→ **Records from a data source**
=-=-=

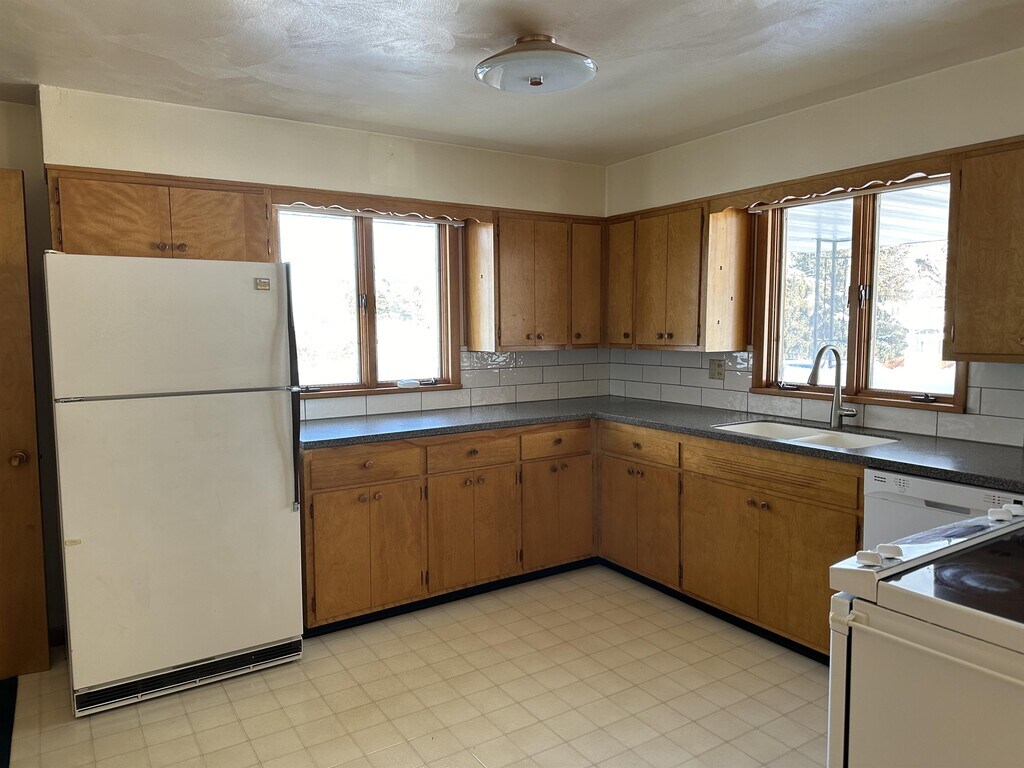 This well keep home features 3 bedrooms and 2 Baths. Park your vehicle in the garage and then come on inside via 2 steps. Once inside you can go to the basement or into the eat in kitchen. Kitchen has all appliances included even a dishwasher. Off the kitchen you will find the hallway and living room that all have hardwood floors. Down the hallway you will find the 3 bedrooms and full bath. in the Basement you will find the second bathroom with shower only and family area with finished walls and carpet. The laundry can also be found there with the washer and dryer provided. Tenant is responsible for utilities, lawn care and snow removal.
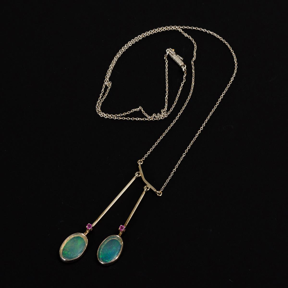 Opale zus. ca. 2,18 ct, Rubine zus. ca. 0,05 ct. Kette L 42,5 cm.
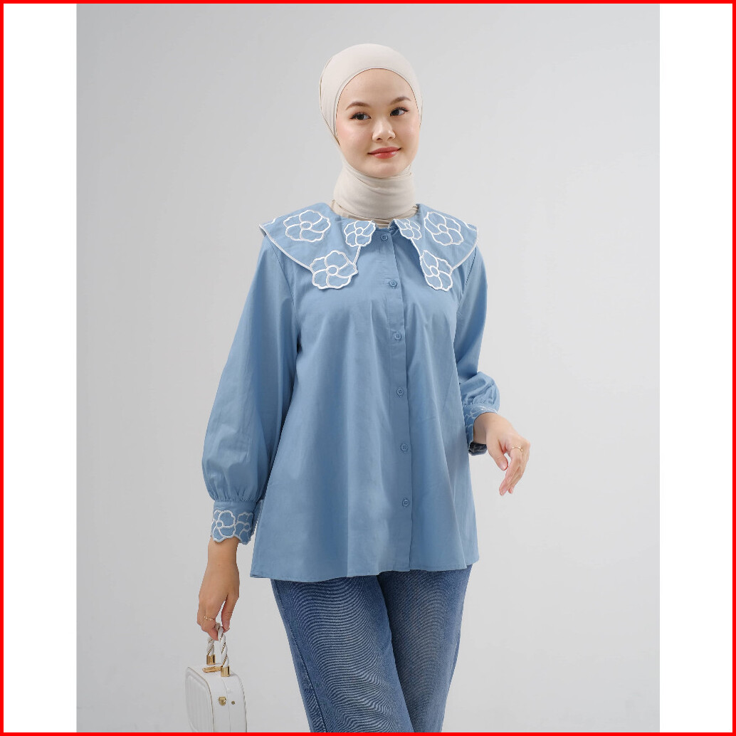 Mayoutfit Cecya Shirt Kemeja Basic Wanita Kerah Bordir Floral Bunga
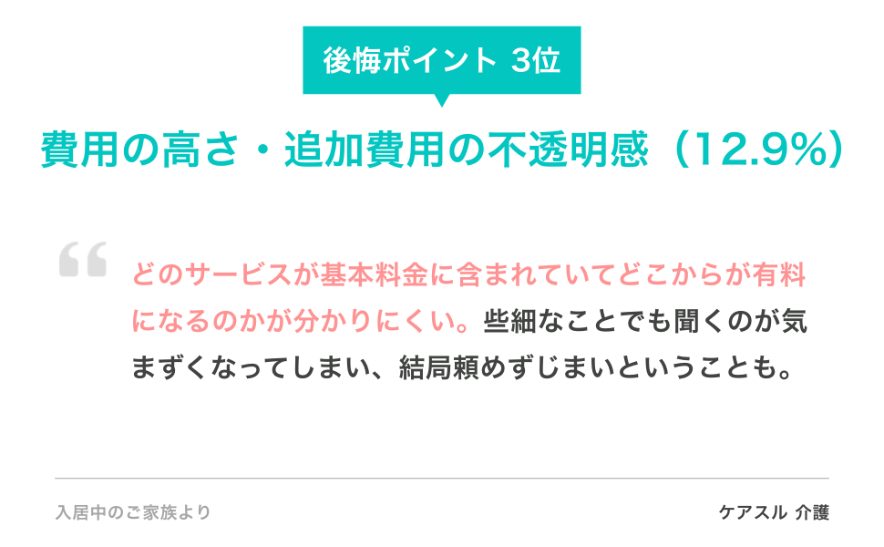 費用面では、「どのサービスが基本料金に含まれていてどこからが有料になるのかが分かりにくい。些細なことでも聞くのが気まずくなってしまい、結局頼めずじまいということも」(入居中の家族)という声のほか、「もう少し利用しやすい価格設定であれば、もっと長くお世話になりたかった」(退去済みの家族)と、費用が退去の直接的な要因となったケースもありました。
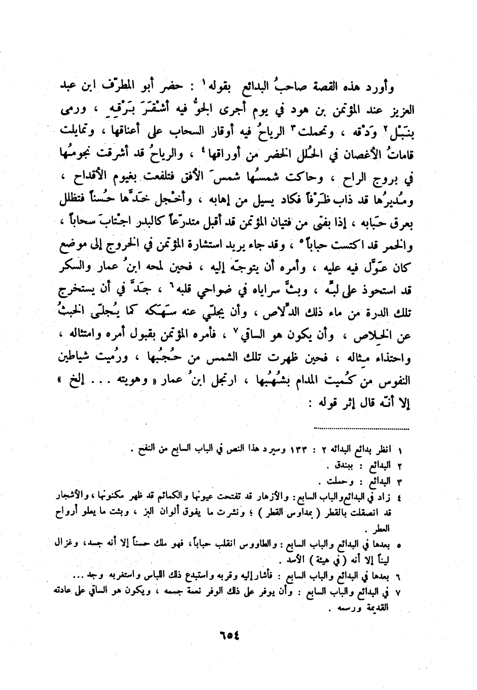 (4) زاد في البدائع والباب السابع: والأزهار قد تفتحت عيونها والكمائم قد ظهر مكنونها، والأشجار قد انقلت بالقطر (بمداوس القطر) ؛ ونثرت ما يفوق ألوان البز، وبثت ما يعلو أرواح العطر.
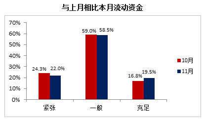 11月份,经销商流动资金状况比上月充足。认为流动资金“一般”的企业从59.0%降至58.5%;流动资金“充足”的比例从上月的16.8%升至19.5%;流动资金“紧张”的比例从上月的24.3%降至22.0%。
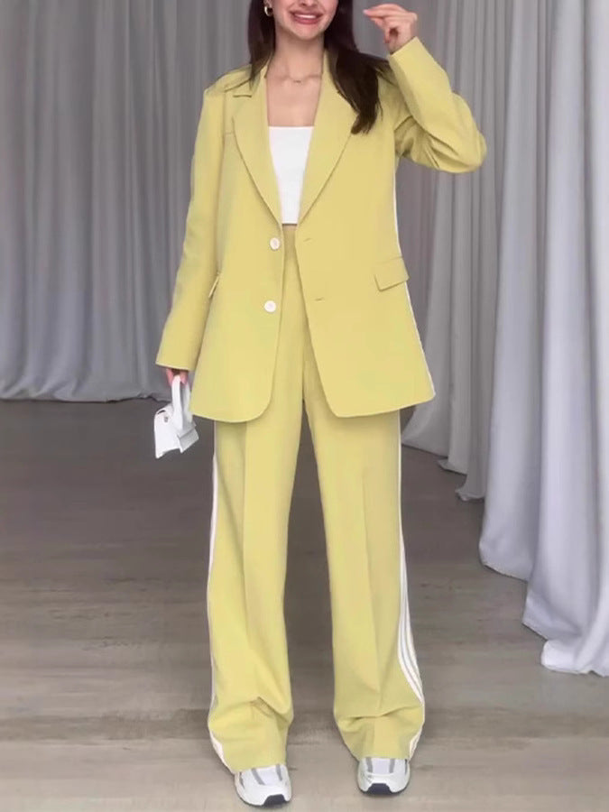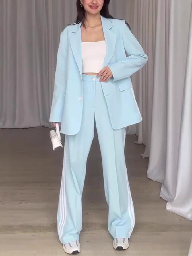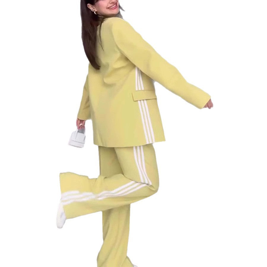 Damen Modisches Blazer-Hosen-Set mit kontrastierenden Streifen Heidi-Mode
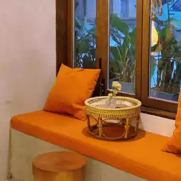 The store is small, but quiet, cozy, and simply but retro in decoration. The large wall paintings with rich colors and the many green plants in the store create a strong overall atmosphere.
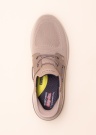 Isikupärased Skechers vabaajajalatsid Delson 3.0 sobivad stiiliteadlikule mehele. Need atraktiivsed vabaajajalatsid on praktilised ning kerged. Pealispind on tekstiilist ja laseb jalal kenasti hingata ning aktsenti lisab põnev disain ja pilku püüab reljeefne muster taga. Nii sisepinda kui ka sisetalda on katmas mugav tekstiil. Air-Cooled Memory Foam sisetald on jalavõlvi toetav, võtab kandja jalakuju ja pakub seeläbi hubasust ning pehmust liikumisel. Välistald on kergest vahtkummist ning summutab põrutusi.

=-=-=

→ **TASK PROMPT**
Can the lines from the start of the records through the line with "(4) زاد في البدائع" be given again exactly, with the pictures left out?

→ **ANSWER**
 This well keep home features 3 bedrooms and 2 Baths. Park your vehicle in the garage and then come on inside via 2 steps. Once inside you can go to the basement or into the eat in kitchen. Kitchen has all appliances included even a dishwasher. Off the kitchen you will find the hallway and living room that all have hardwood floors. Down the hallway you will find the 3 bedrooms and full bath. in the Basement you will find the second bathroom with shower only and family area with finished walls and carpet. The laundry can also be found there with the washer and dryer provided. Tenant is responsible for utilities, lawn care and snow removal.
 Opale zus. ca. 2,18 ct, Rubine zus. ca. 0,05 ct. Kette L 42,5 cm.
 Mayoutfit Cecya Shirt Kemeja Basic Wanita Kerah Bordir Floral Bunga
 費用面では、「どのサービスが基本料金に含まれていてどこからが有料になるのかが分かりにくい。些細なことでも聞くのが気まずくなってしまい、結局頼めずじまいということも」(入居中の家族)という声のほか、「もう少し利用しやすい価格設定であれば、もっと長くお世話になりたかった」(退去済みの家族)と、費用が退去の直接的な要因となったケースもありました。
 (4) زاد في البدائع والباب السابع: والأزهار قد تفتحت عيونها والكمائم قد ظهر مكنونها، والأشجار قد انقلت بالقطر (بمداوس القطر) ؛ ونثرت ما يفوق ألوان البز، وبثت ما يعلو أرواح العطر.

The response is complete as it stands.